Pho 66 In Hell's Kitchen Serves Delicious Vietnamese

Smart new Vietnamese in Hell's Kitchen

"The lightness; the freshness; the contrast of hot and cold, crisp and soft."

Such are the qualities Greg Hugunin admires about Vietnamese cuisine. Many of those attributes are on acute display at his new Hell's Kitchen restaurant, Pho 66.

Both the bowls of pho we ate were proudly, deliciously inauthentic. The first, Pho Verte ($7 for a small; $10 for a medium; $13 for a large), distilled a glut of produce, including leeks, carrots, dried shiitakes and kombu, into a rich broth.
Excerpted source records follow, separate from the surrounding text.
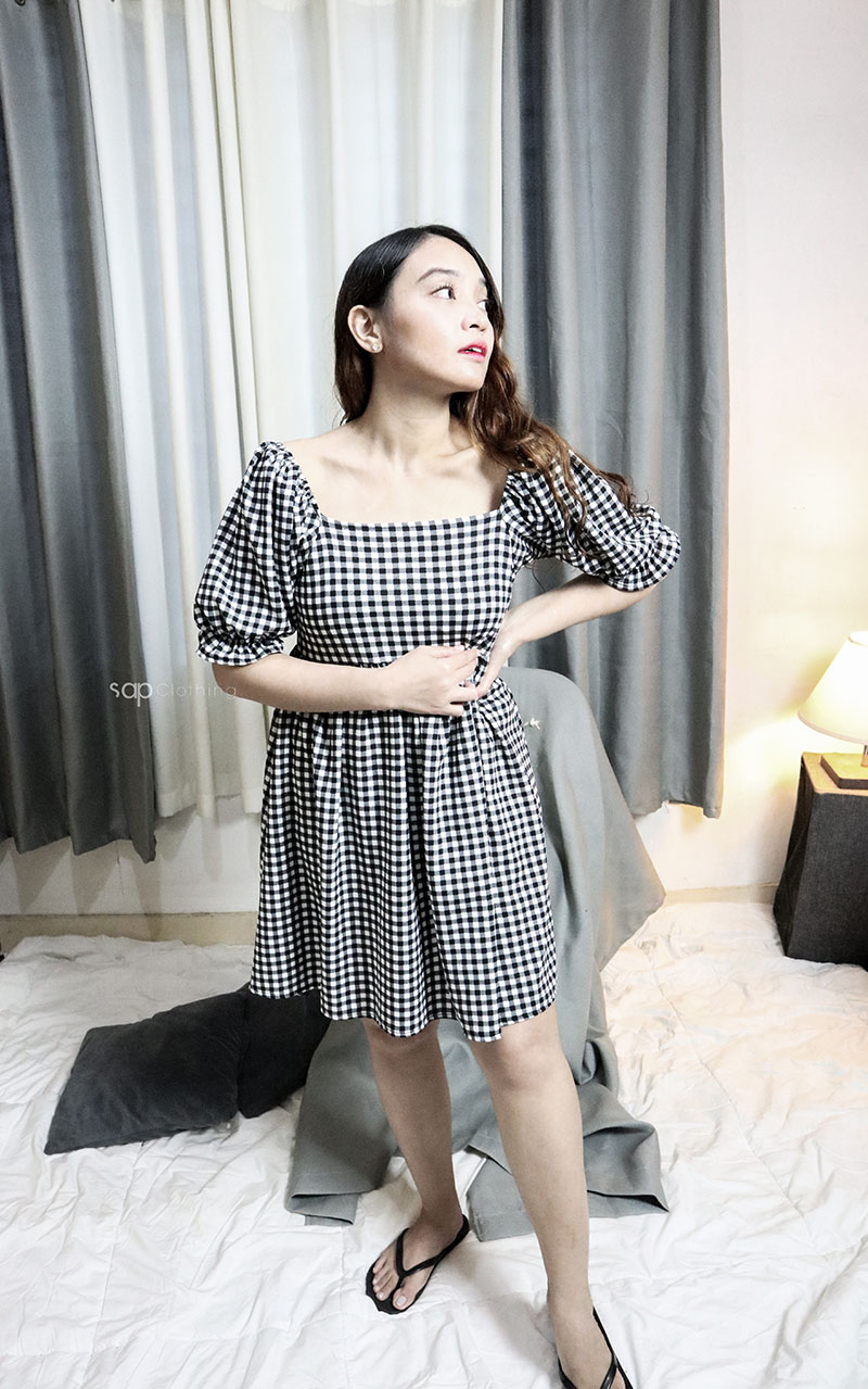 This iconic Gungham pattern is too cute for this babydoll puff sleeves dress. Wear it anytime anywhere. And ohh, it comes with matching shorts with deep side pockets. ?
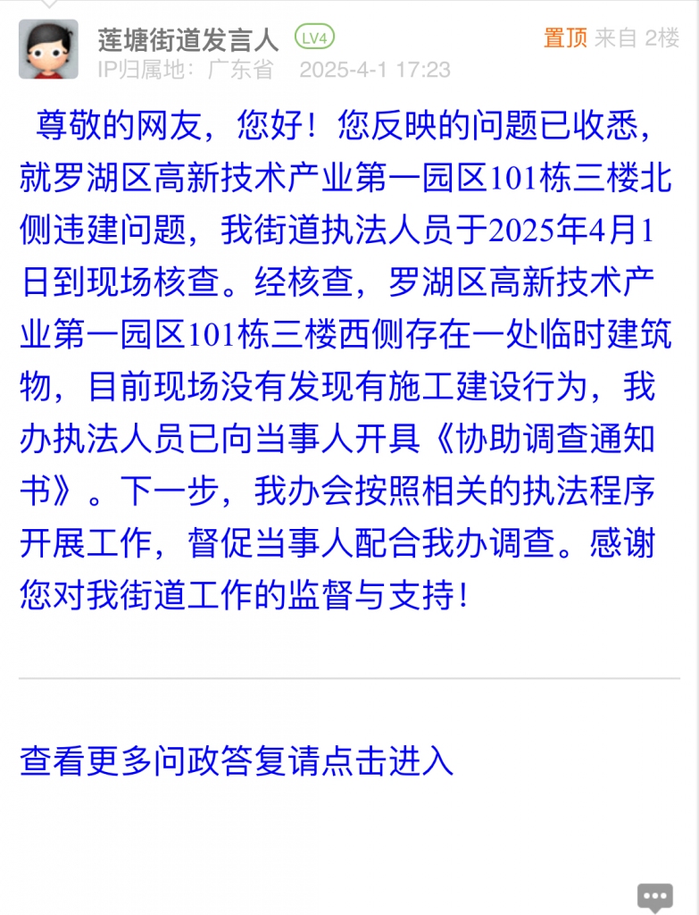 尊敬的網(wǎng)友,您好!您反映的問題已收悉,就羅湖區(qū)高新技術(shù)產(chǎn)業(yè)第一園區(qū)101棟三樓北側(cè)違建問題,我街道執(zhí)法人員于2025年4月1日到現(xiàn)場核查。經(jīng)核查,羅湖區(qū)高新技術(shù)產(chǎn)業(yè)第一園區(qū)101棟三樓西側(cè)存在一處臨時建筑物,目前現(xiàn)場沒有發(fā)現(xiàn)有施工建設(shè)行為,我街道執(zhí)法人員已向當(dāng)事人開具《協(xié)助調(diào)查通知書》。下一步,我街道會按照相關(guān)的執(zhí)法程序開展工作,督促當(dāng)事人配合我街道調(diào)查。感謝您對我街道工作的監(jiān)督與支持!
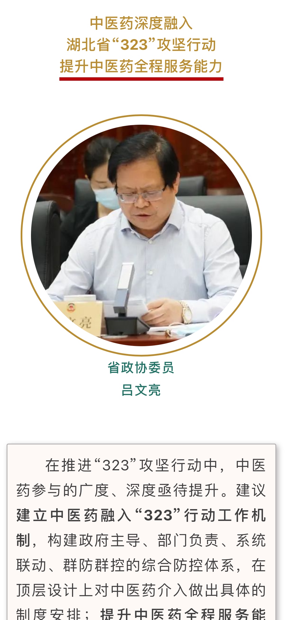 在推进“323”攻坚行动中,中医药参与的广度、深度亟待提升。建议建立中医药融入“323”行动工作机制,构建政府主导、部门负责、系统联动、群防群控的综合防控体系,在顶层设计上对中医药介入做出具体的制度安排;提升中医药全程服务能力,围绕中医特色的疾病预防体系、治疗体系和康复体系,形成若干支撑性项目,依托具体单位实施;加强中医药临床研究,支持中医医疗机构与高等院校、科研机构加强协作,支持湖北中医药大学附属湖北省中医院创建国家中医医学中心;加强基层中医药服务基地建设,使广大患者在基层医疗机构就能享受到三级医院医疗服务水平。
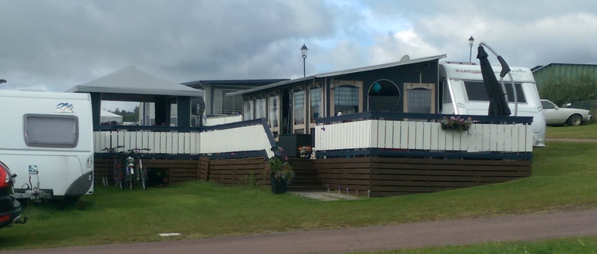 De där som bor på en camping, har det som sommarstuga och bygger staket runt, sätter utebelysning, altan och rabatt du vet, där ”sommarstugorna” ligger med två meters avstånd från varandra. Dom har jag studerat lite nu de senaste dagarna. Jag har tidigare tänkt att det väl är något lite temporärt över deras val av boende, inte så att de flyttar det för det vet jag ju att de inte gör, men jag har väl tänkt att de inte bor in sig SÅ mycket. Men det gör dom. Det är verkligen en sommarstuga. Lampetter i fönstrena på yttertältet, stor TV (flatskärm givetvis) och alla bekvämligheter.
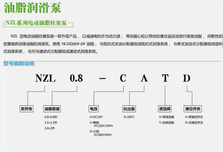 產(chǎn)品說明:nzl系列電動油脂潤滑泵是一種柱塞油脂泵,適用于潤滑脂單線抵抗式潤滑系統(tǒng)或遞進(jìn)式潤滑系統(tǒng)。
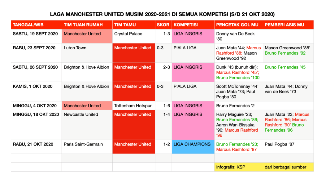 Manchester United meraih kemenangan lima dari enam pertandingan terakhir di semua kompetisi, tetapi pada musim 2020/2021 ini, belum merasakan kemenangan di Old Trafford. Kemenangan terakhir saat tim Austria, LASK, bertandang ke Old Trafford, awal Agustus 2020 lalu.
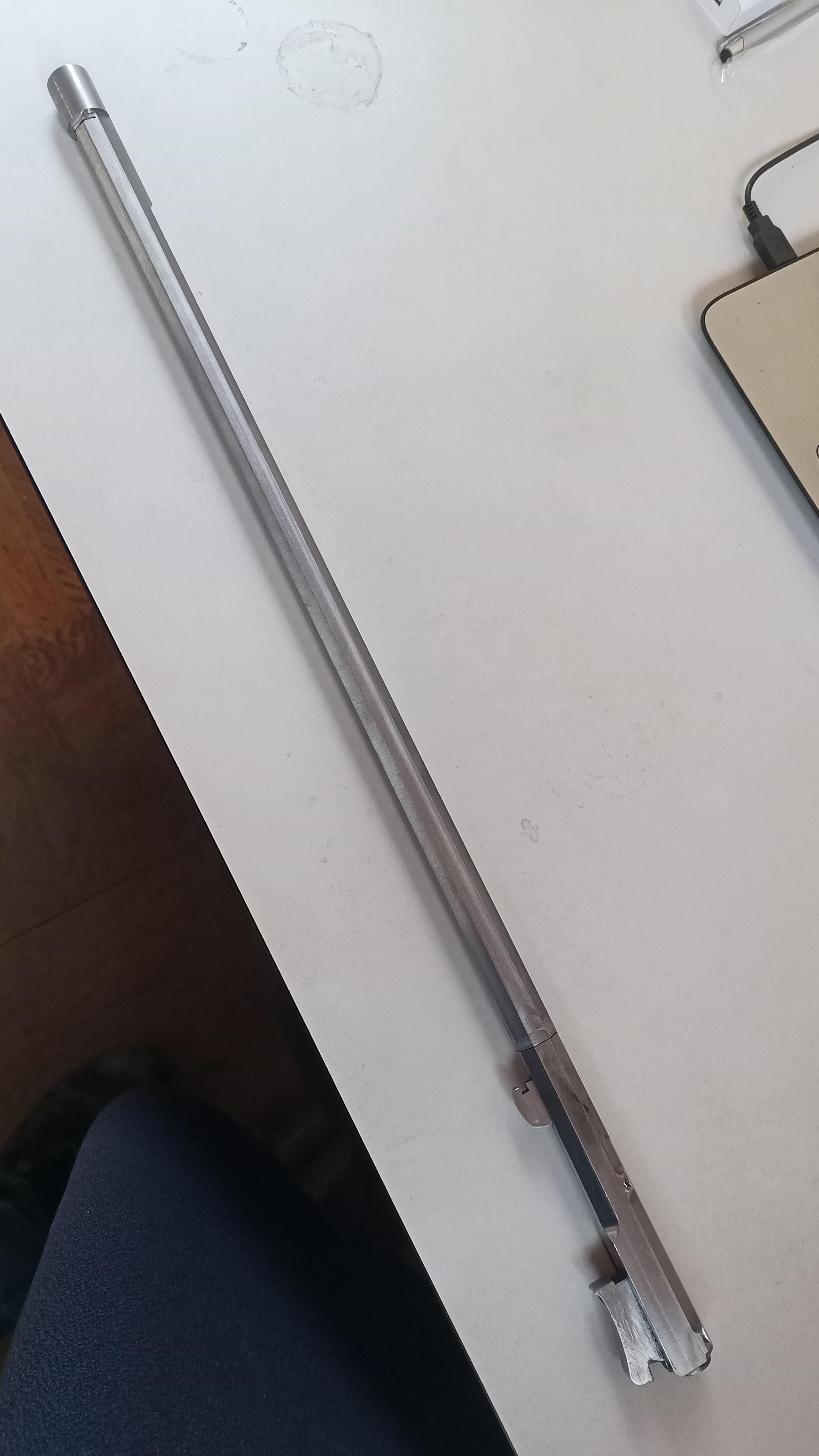 Material je nejaká 15stka, a je to normálne robené cez pajkovanu hlavnovu objímku. Na objimke sú haky. Bežne sa to takto robí. U nás sa ale robil len ten osem uholnikovy "ihlan", všetko ostatné si robí už puškár.
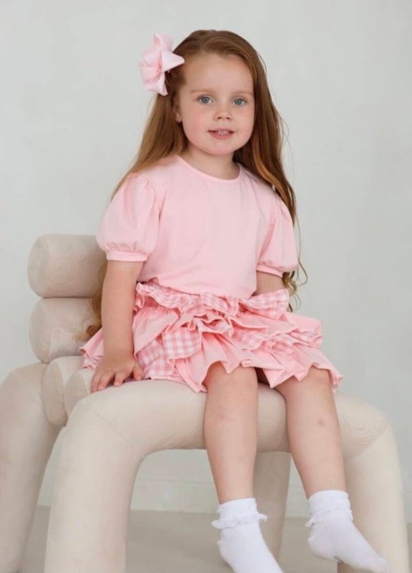 A beautiful girls soft cotton checked ruffled rara skirt with a matching pink puffball shoulder short sleeved top.
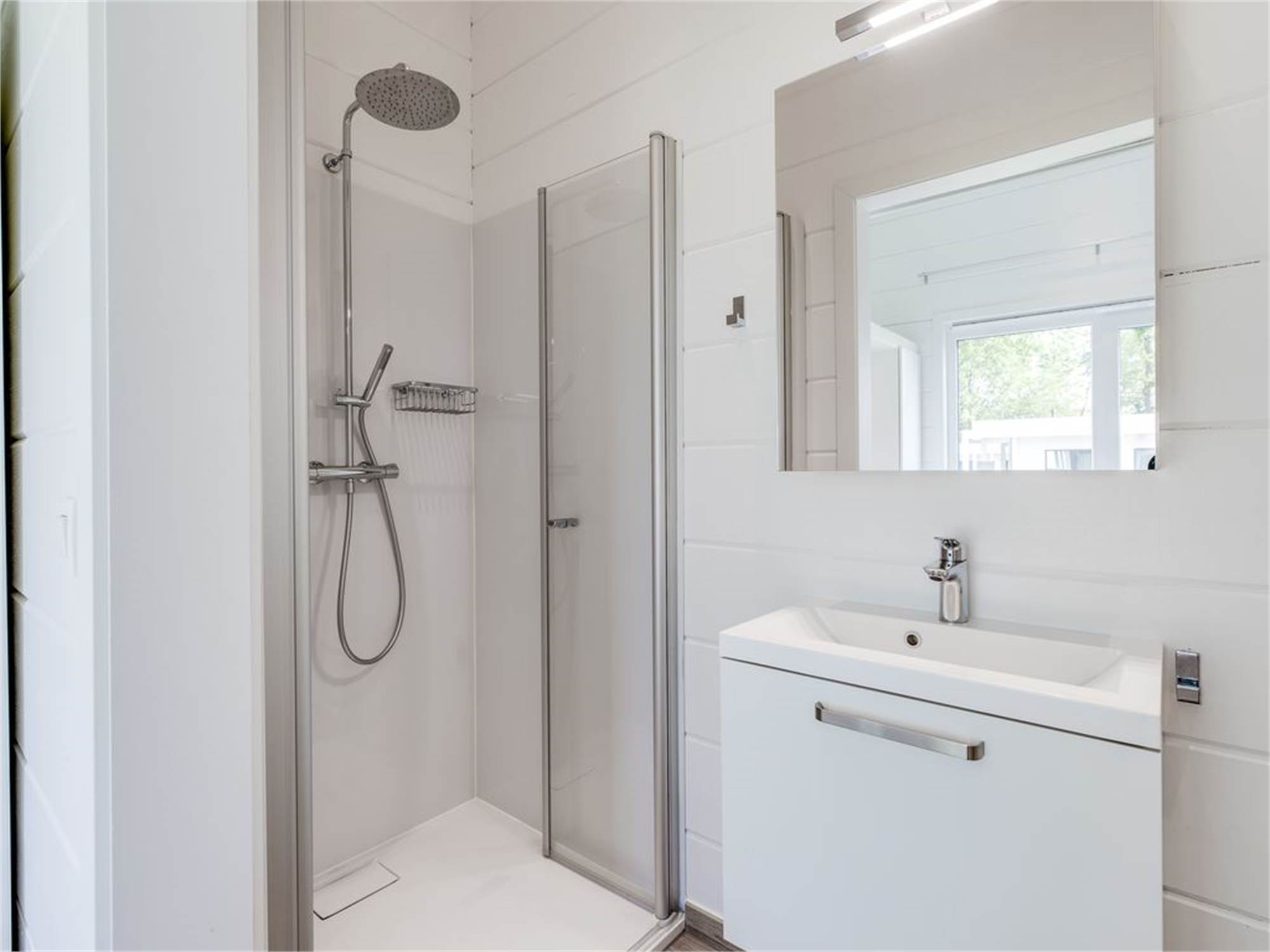 Salle de bains avec cabine de douche, lavabo et toilette

It was then finished with a wok-fired mix of water spinach, long beans and two types of bok choy, slapped with rice wine and sweet soy sauce.

The other, Pho Deluxe ($21), comprised a footbath-size bowl of beef broth and four types of beef. There was the classic rare eye of round, but also grilled skirt steak and poached shank.

The flavors of both were lucid, all green pastures in the Verte and bovine intensity in the Deluxe. For garnish: a rather traditional Southern Vietnamese collection of lime, cilantro, chile, Thai basil and mung bean sprouts. A drop of one; a squeeze of another; to each his or her own.

A dessert of black rice pudding ($5) was plenty satisfying. But we kept thinking: With a menu this robust, there are no doubt other dishes worth exploring.